We can write off anything that’s less than $-\sqrt2$ or more than $\sqrt3$: if $x<-\sqrt2$, then $(x-1,-sqrt2)$ is an open interval around $x$ that contains no point of $S$, and similarly, if $x>\sqrt3$, $(\sqrt3,x+1)$ is an open interval around $x$ that completely misses $S$. Suppose, though, that $-\sqrt2\le x\le\sqrt3$, and that $(a,b)$ is an open interval containing $x$. Then there is a sequence of distinct rationals in $[-\sqrt2,\sqrt3)$ converging to $x$, so $x\in S'$. Thus, $[-\sqrt2,\sqrt3]\subseteq S'$.

Putting the pieces together, and noting that $[0,1]\subseteq[-\sqrt2,\sqrt3]$, we see that $S'=[-\sqrt2,\sqrt3]$. Note that in this case it happens to be true that $S\subseteq S'$: every point of $S$ is also a limit point of $S$. This isn’t always the case: if $A=\{0\}\cup[1,2]$, then $0\in A$, but $0\notin A'$: $(-1,1)$ is an open interval about $0$ that contains no other point of $A$.

Now $\cl S=S\cup S'$, and $S\subseteq S'$, so $\cl S=S'=[-\sqrt2,\sqrt3]$. This means that $S'$ is a closed set, so $\cl S'=S'$: it already contains all of its limit points.

A point $x$ is in the interior of $S$ if there is an open interval $(a,b)$ containing $x$ such that $x\in(a,b)\subseteq S$. Clearly $(0,1)\subseteq S$, so for every $x\in(0,1)$ we can take $(a,b)$ to be $(0,1)$ and see that $x\in\int S$; this shows that $(0,1)\subseteq\int S$. The only other part of $\Bbb R$ where we even find points of $S$ is in the interval $[-\sqrt2,\sqrt3)$. Some of those are in $(0,1)$ and are already known to belong to $\int S$. The others are the points of $[-\sqrt2,0]\cap\Bbb Q$ and $[1,\sqrt3)\cap\Bbb Q$. Neither of these sets contains any non-empty open interval at all: both are full of ‘holes’ at the irrational numbers.
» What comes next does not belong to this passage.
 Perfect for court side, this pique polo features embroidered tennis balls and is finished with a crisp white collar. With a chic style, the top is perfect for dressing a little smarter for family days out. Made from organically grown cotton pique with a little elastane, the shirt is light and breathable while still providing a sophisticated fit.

Thus, no point in either of these sets has an open interval around it lying entirely within $S$, and therefore no point of either of these sets is in the interior of $S$. Consequently, $\int S=(0,1)$.
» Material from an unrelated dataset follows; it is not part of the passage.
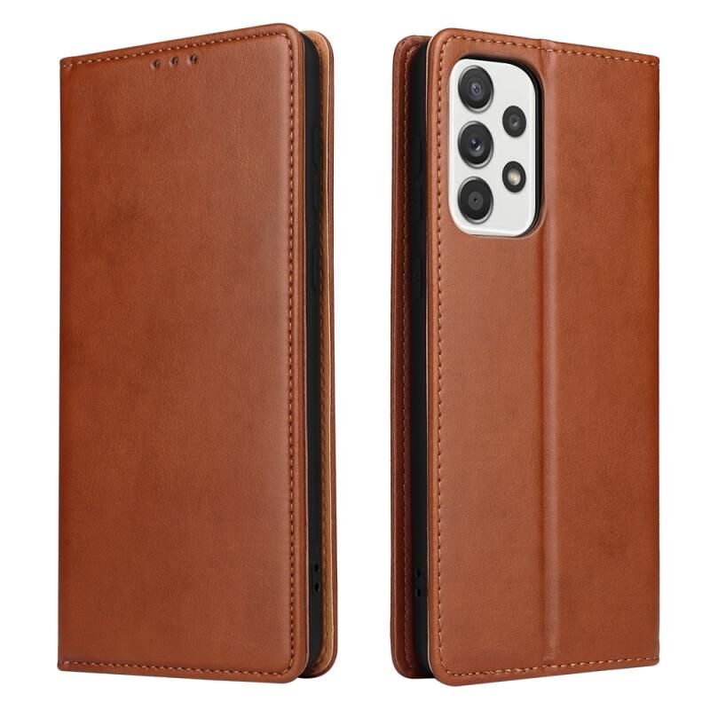 Θήκη κινητού τηλεφώνου από γνήσιο δέρμα υφής PU Fierre Shann για Samsung Galaxy A73 5G (Κόκκινο) (Καφέ)

I’m going to stop here to give you a chance to have another go at the exterior and boundary of $S$ on your own. I do want to comment on the last bit of your question, however, where you ask whether you can look at three cases individually and combine their results. You really have only two cases: $S$ is the union of two sets, $(0,1]$ and $[-\sqrt2,\sqrt3)\cap\Bbb Q$, not three. And you can’t treat even them completely in isolation from each other, because they have a non-empty intersection, $(0,1]\cap\Bbb Q$: every rational number in $(0,1]$ is in both pieces. If you really wanted to deal with $S$ in separate chunks and then combine the results, a much better choice of chunks would be $[-\sqrt2,0]\cap\Bbb Q$, $[0,1)$, and $[1,\sqrt3)\cap\Bbb Q$, since these are disjoint.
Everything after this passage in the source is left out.